Ugandan politician (born 1970)

Margaret Komuhangi (born December 26, 1970) was a Ugandan politician. She was the elected

(Died 16, Jan 2025) Woman Member of Parliament for Nakasongola District on NRM ticket. NRM is the ruling political party in Uganda. She previously served as the chairperson, committee on Gender, Labour and Social Development, from 2014 to 2018.

==Background and education==

Komuhangi attended Nakasongola Primary School in Nakasongola District for her primary studies where she obtained the Primary Leaving Examinations (PLE) certificate in 1983. She then joined St. Mathias Kalemba Senior Secondary School, Nazigo for her O-Level studies where she obtained the Uganda Certificate of Education (UCE) in 1987. She attended Makerere High School for her A-Level education where she obtained the Uganda Advanced Certificate of Education (UACE) in 1989. She was admitted to Makerere University, which is Uganda's largest public university, where she graduated with a Bachelor of Arts in Education in 1994.

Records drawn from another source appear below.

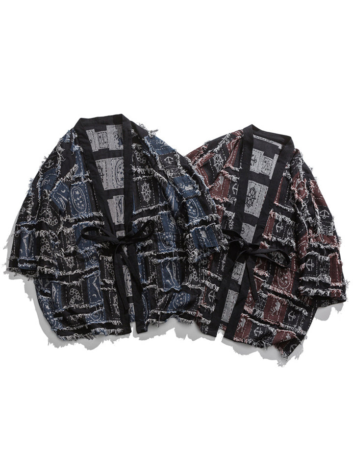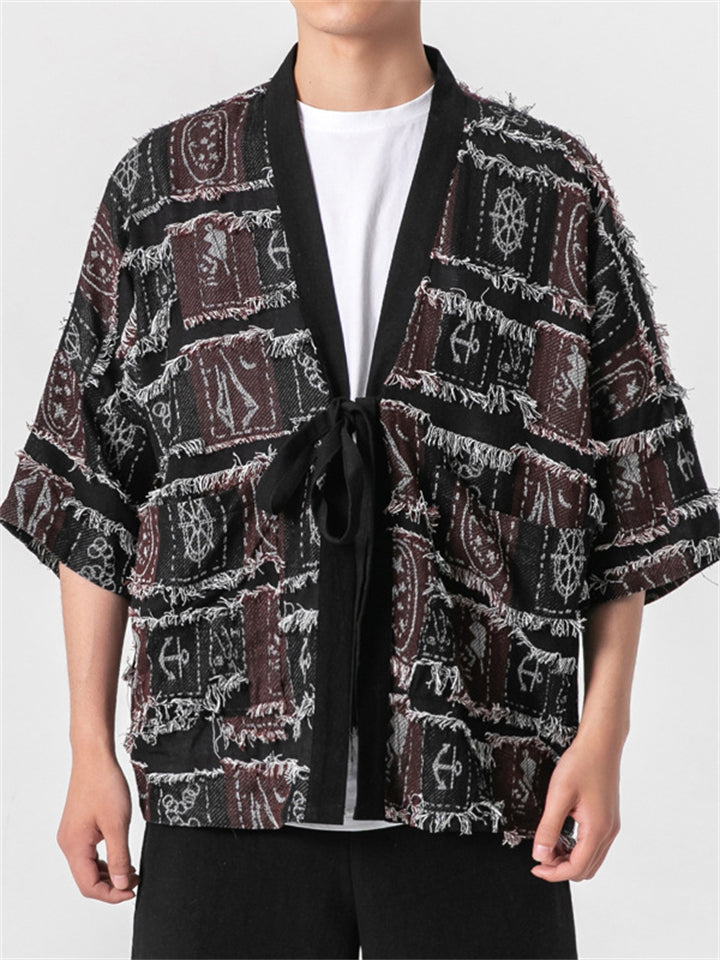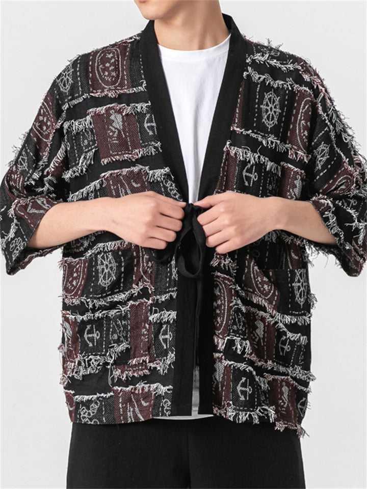 Men's Vintage Patchwork Ethnic Style Printed Half Sleeve Shirts
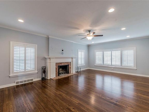 Beautiful updated Ridglea North Home on corner lot with circular driveway and upgrades galore! Gorgeous hardwoods throughout, large entry foyer, double landing staircase, huge rooms, split bedrooms all with walk in closets. Master suite downstairs with his and hers custom closets and attached master bath with elegant carrera marble. 3 bedrooms up. Marble fireplace with gas starter, private custom heated pool and spa with 4 waterfalls and color LED light show, floor to ceiling windows surrounding pool creates beautiful views, wood plantation shutters, one yard for playset, separate yard for pool, 2 car side entry large garage with storage. Steps away from Berney Park. Buyers to verify sqft and schools.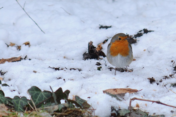 Rotkehlchen Das Rotkehlchen zeigt sich besonders zutraulich gegenüber Menschen und weist nur eine geringe Fluchtdistanz auf.. Dieser kleine Vogel mit geschwollener roter Brust ist eigentlich das ganze Jahr über territorial und duldet keine Nebenbuhler um sich. Dabei muss es sich nicht um das selbe Tier handeln, was hier später auch sein Brutrevier hat. Auch Rotkehlchen, die Kurzstreckenwanderungen im Winter durchführen, singen in der Ferne. Scheinbar stimuliert bei der Art besonders das schwache Licht zur Dämmerungszeit. Es fällt auf, dass Rotkehlchen im Schein einer Laterne unter künstlichen Bedingungen auch jetzt im Winter deutlich länger singen. Anfang Januar hörte ich ein Rotkehlchen auch in den Hallen eines Baumarktes singen.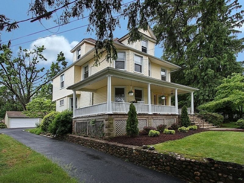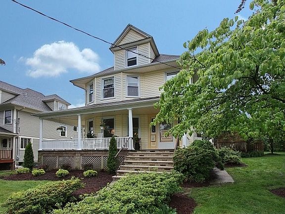 Constructed in 1910, this immaculately maintained home features a lovely front porch that opens into the gracious entrance hall.Stained glass windows, hardwood floors, and wide woodwork add to the charm of this warm, light-filled home. The trumpet vine-covered pergola overlooks a private lower deck with hot tub. With updated kitchen and baths and private third floor guest room, this home provides the perfect setting for your vintage treasures and indoor/outdoor entertaining. Quiet neighborhood near NYC transportation.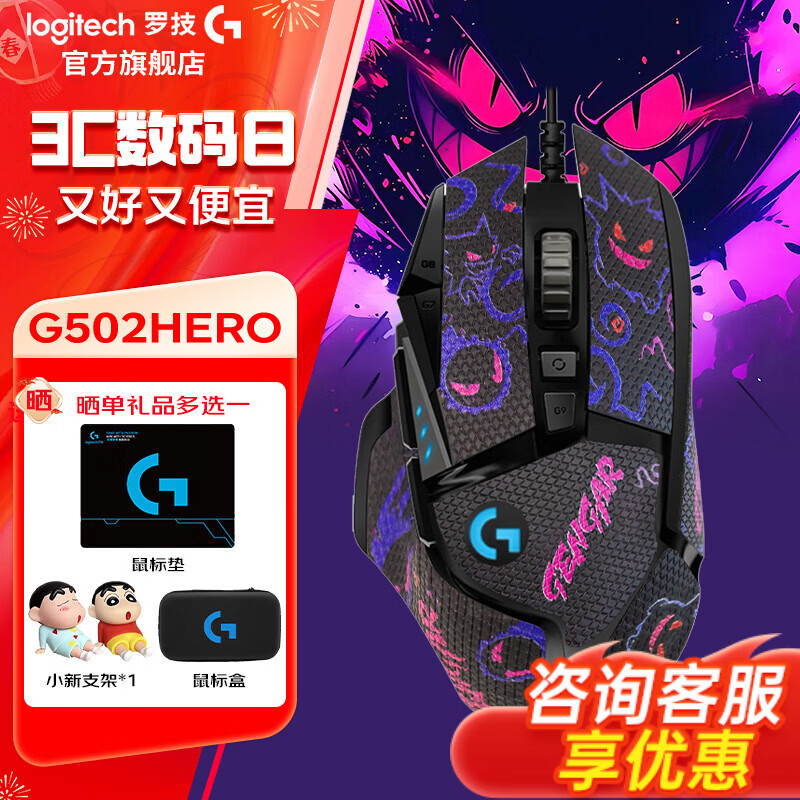 罗技(G) G502 HERO主宰者 有线鼠标 游戏鼠标 吃鸡鼠标 电竞鼠标宏编程可配重HERO引擎 礼盒送男友 G502H(耿鬼防滑贴)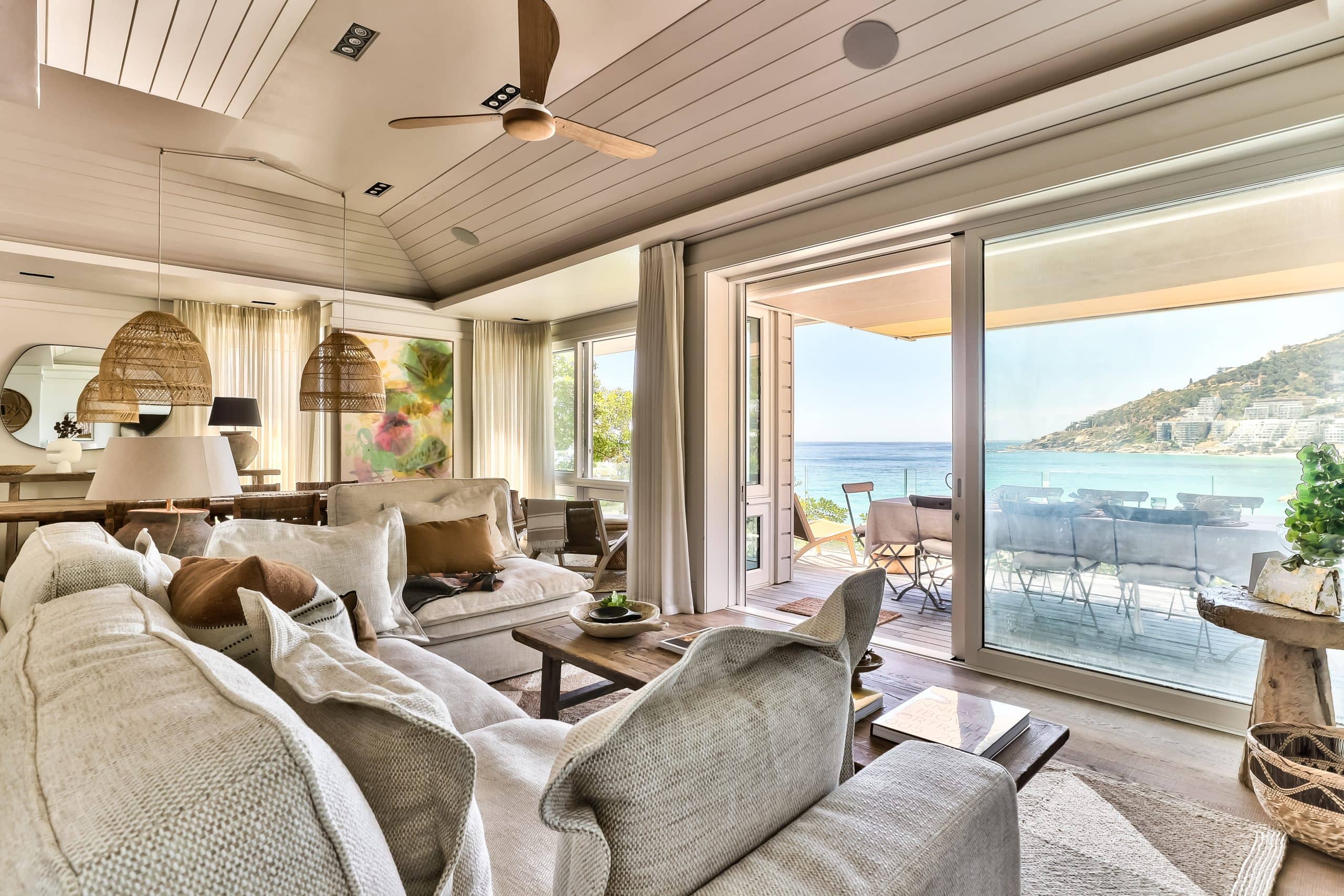 Each bedroom boasts king-sized beds, modern bathrooms, and ocean views, while the open-concept living area, complete with an artisan dining table and Cape Town artworks, opens directly to the beachside deck. Additional highlights include contemporary works by Carolina Salinas, Chris Denovan, and Xanthe Scout Lardner-Burke, offering an art-filled interior. The fully equipped kitchen provides ocean views, while the sun-drenched deck—complete with a BBQ area and dining table—invites relaxed al fresco meals.

She also holds a Masters in Business Administration obtained in 2006 from Makerere University Business School.

==Career==

From 1994 to 2000, Komuhangi served as a coordinator, Pan African Women Liberation Organ, Pan African Movement. In 1998, she served as a board member of Akina Mama wa Africa which is a feminist Pan-African Leadership Development Organisation until 2000. From 2001 until 2003, she served as a member of National Red Cross Council, Luweero District.

===Parliament===
In 2001, she entered elective politics by contesting as the parliamentary women representative of Nakasongola District, the first for the district. She was recalled in 2003, due in part to a petition. Komuhangi later beat Tubwita in the 2010 National Resistance Movement primary, and won her seat back in 2011. In 2016, she was re-elected. She served as the chairperson, the Uganda parliamentary committee on Gender, Labour and Social Development from 2014 until 2018.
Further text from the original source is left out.